Dang, that sounds like a fiasco! I am sure that I am in for a crazy fatherhood. I am trying to prepare myself 
My son turned 3 months old yesterday, very cool kid, personality emerging more and more these days. It is more and more fun each day. Thanks for asking!!


----------



## superedge88 (Nov 26, 2013)

JSB33 said:


> Indeed, I would be getting the 720.
> And you mention my main dilemma, the fact that powered wheels might be worth the other inconveniences of having a small 2 stage as he does now.
> In a perfect world, he would not be out there but he is in good shape and no way in the world is he going to hang it up. He currently has a 24inch Ariens from the late 80'sthat is on its last leg that he wants to keep as a backup.
> 
> Thanks for the reply.


I would recommend the Honda hs624. It's small, reliable and had the ease of hydrostatic.

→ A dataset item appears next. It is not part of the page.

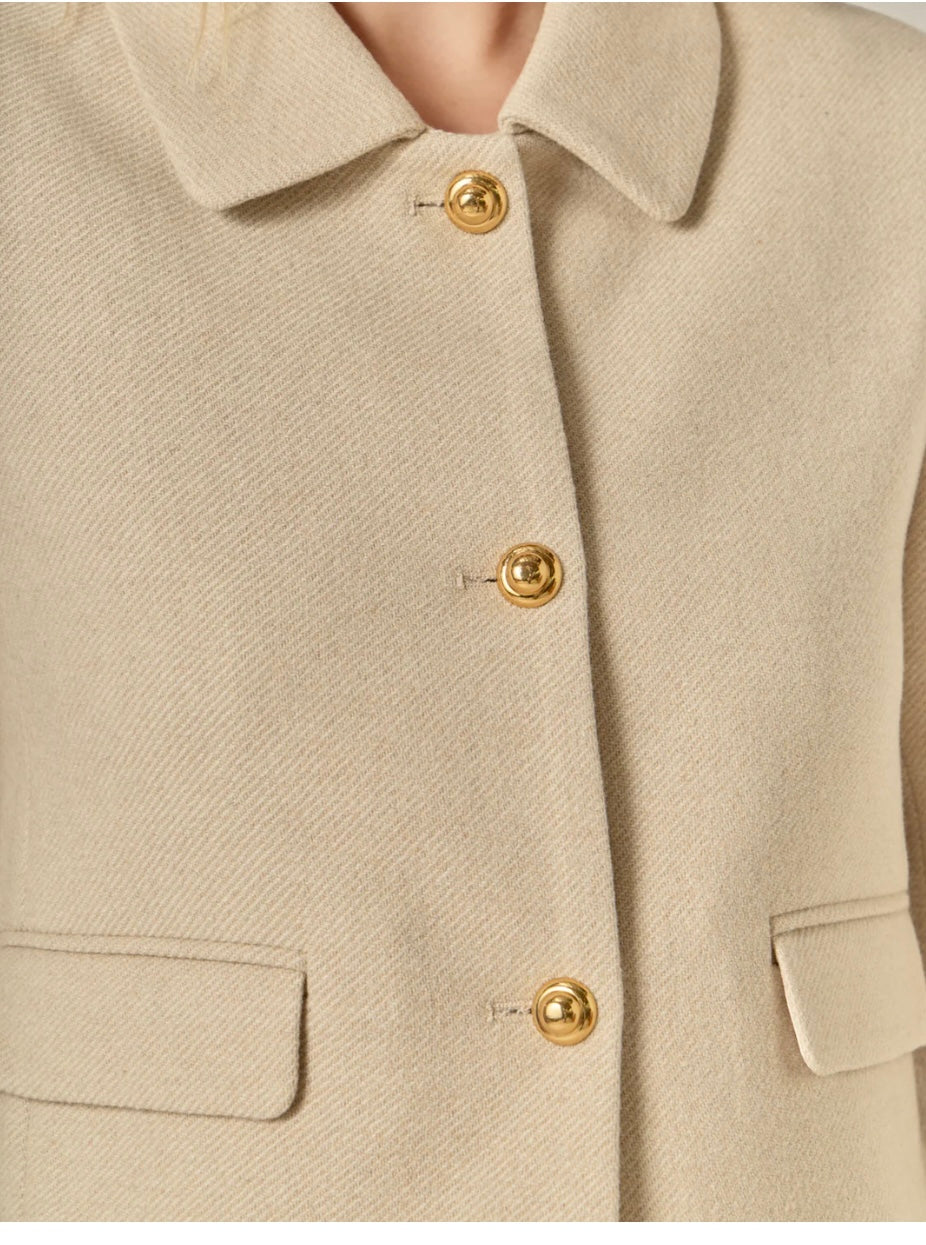 The Buttoned Cropped Jacket is a polished staple that balances modern tailoring with timeless charm. Crafted from a soft, structured fabric, it features a clean collared neckline, gold-tone button closure, and flap pockets that add a refined finish. The cropped length and contoured fit create a flattering, versatile silhouette that transitions seamlessly from day to evening. Perfect for pairing with matching shorts or high-waisted trousers, this jacket captures the essence of quiet luxury—sophisticated, minimal, and effortlessly.

You can still find them used for a good price.


----------



## Freezn (Mar 1, 2014)

JSB33 said:


> Indeed, I would be getting the 720.
> And you mention my main dilemma, the fact that powered wheels might be worth the other inconveniences of having a small 2 stage as he does now.

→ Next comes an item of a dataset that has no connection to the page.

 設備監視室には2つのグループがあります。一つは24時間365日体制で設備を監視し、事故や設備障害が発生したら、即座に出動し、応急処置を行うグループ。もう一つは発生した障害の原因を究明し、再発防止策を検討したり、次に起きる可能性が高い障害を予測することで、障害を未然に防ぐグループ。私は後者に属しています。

I would also take a look at the Ariens Compact 24. It's a very nimble and capable machine. My mother, God Bless Her, is 74 years old and still insists on clearing her own driveway. Deep down, I think she still enjoys "putting in the work" and takes pride in knowing she can still get it done. We bought her the Ariens 24 Compact a couple years ago. More than enough power to tackle the driveway and EOD snow plow berm. It's 24" 2-stage machine, 208cc engine with 6 speeds (4 forward plus 2 reverse). The also make the same machine in 22" if you're tight on storage space. I would highly recommend this machine for anyone looking for a smaller sized, easy to maneuver self propelled 2 stage snow blower that will handle most snowfalls up to about 12" with relative ease. 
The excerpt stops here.